On va en parler si vous voulez bien, puisque vous en parlez dans votre livre. Mais effectivement, y a des corps happés, broyés, et ici c’est de la torture, Il y a des moments, c’est de la torture, il y a des il y a des morts dont on comprend que ça ne meurt pas tout de suite quoi. Bref, je mets une magnifique photo, je mets une magnifique photo qui est sur votre fil Twitter. C’est un grutier à Bordeaux qui qui a fait un placement de produit était sur sa grue.
J’ai trouvé la photo magnifique. Le geste était superbe. Je lui ai demandé si je pouvais réutiliser cette photo et je l’ai publiée derrière ce que je trouvais l’image parfaite.
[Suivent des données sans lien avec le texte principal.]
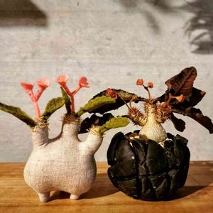 ■Euphorbia francoisii 言わずと知れたフランコイシー。 右:フランコイシー1号 左:フランコイシー2号 中:フランコイシー3号 「好きなユーフォルビアを5つあげてください」と言われたらフランコイシーは必ず入ります。あとの4つが何かと言われたら、デカリーも入りそうですが、残り3つが何になるかはパッとは思いつかないですけど😝 いつものラフレシアリサーチさんから、3号をお迎えしました。 最高気温32℃、最低気温24℃ ・・・・・・・・・・ 以下、商品説明。 ユーフォルビア・フランコイシー、華麗なるハイブリッドの世界 その世界で最も著名で権威のあるリトルワン・プランツ・ナーセリーの園主、レック氏 が情熱を傾けた育苗苗。 フランコイシーの世界はロマンチックで葉脈の多彩さ、色彩の鮮やかさや複雑さなど観賞する視点は様々です。 当社はリトルワン・プランツ・ナーセリーの認証を受けた公式なビジネスパートナーです。 レック氏は5月に開催された東京プランツワールドでは、訪日を楽しみにしておりましたが、コロナの影響の為ステージイベントにビデオ出演しました。 フランコイシーのより詳しい内容については、YouTubeで紹介しております。 https://www.youtube.com/watch?v=E6412pxXimM 2018年にレック氏は、おそらく世界で最初のフランコイシ―専門書を上梓されました。「EUPHORBIA FRANCOISII The Jewel of Succulent Euphorbias」 (以下、多肉植物全書より) ◯ユーフォルビア属 本属は2,000以上の種を包含し、海岸、常緑乾燥林、砂漠から熱帯雨林まで、環境を異にする世界中の様々な地域に分布する。タイにもユーフォルビア・アンティクオルムに代表されるタイ産の数多くのユーフォルビアがあるが、インド産のユーフォルビア・ネリーフォリアやアフリカ産のユーフォルビア・チリカルリ、マダガスカル島産のユーフォルビア・ミリーのように、古くから栽培されてきたためにタイ産の植物であると誤って認識されているユーフォルビアも多い。 本属の構成種の分類については、形態学的な形態分析に加えて分子生物学の技術を用いた分類が行われた結果、他属との統廃合が行われ、現在はモナデニウム、ペディランタス、シナデニウムがユーフォルビア属に編入されている。 ◯francoisii Leandri マダガスカル島南部の海抜50メートルまでの範囲に分布し、灌木の茂みや砂丘に自生する。自生地は近接し合ったわずか5か所の狭い地域にしか確認されていない。焼かれて木炭にされたり、園芸目的の盗掘に遭うなどして、現在絶滅が危惧される状況にある。 本属は植物学上はユーフォルビア・フランコイシー・クラシカウリスとユーフォルビア・フランコイシー・フランコイシーの2つの変種に分類される。両者の形態を比較すると、ユーフォルビア・フランコイシー・クラシカウリスの特徴として、茎により長い毛を持つこと、葉を密生させること、葉身は薄いが硬いこと、葉の骨(主脈)は明瞭な稜状であること、より鮮やかな色合いを持つことが挙げられる。こうした形態の違いから一部の植物学者は、両者は将来的には別種として分類されるだろうという見解を示している。

Absolument. Alors le tchat parle beaucoup, beaucoup. Je ne voulais pas le faire tout de suite, mais allons-y de la question de la médecine du travail que vous abordez. De la même manière que vous abordez la question des inspecteurs du travail. Après, on va revenir aux accidents, la médecine du travail. Donc, là, il y a beaucoup de témoignages, là, dans le dans le tchat qui expliquent ça. Ça fait 30 ans que je n’ai pas vu un médecin du travail, que c’est complètement des aussi. Qu’est ce que. Qu’est ce que votre travail vous a appris sur la médecine du travail, sur l'état de la médecine du travail en France aujourd’hui ?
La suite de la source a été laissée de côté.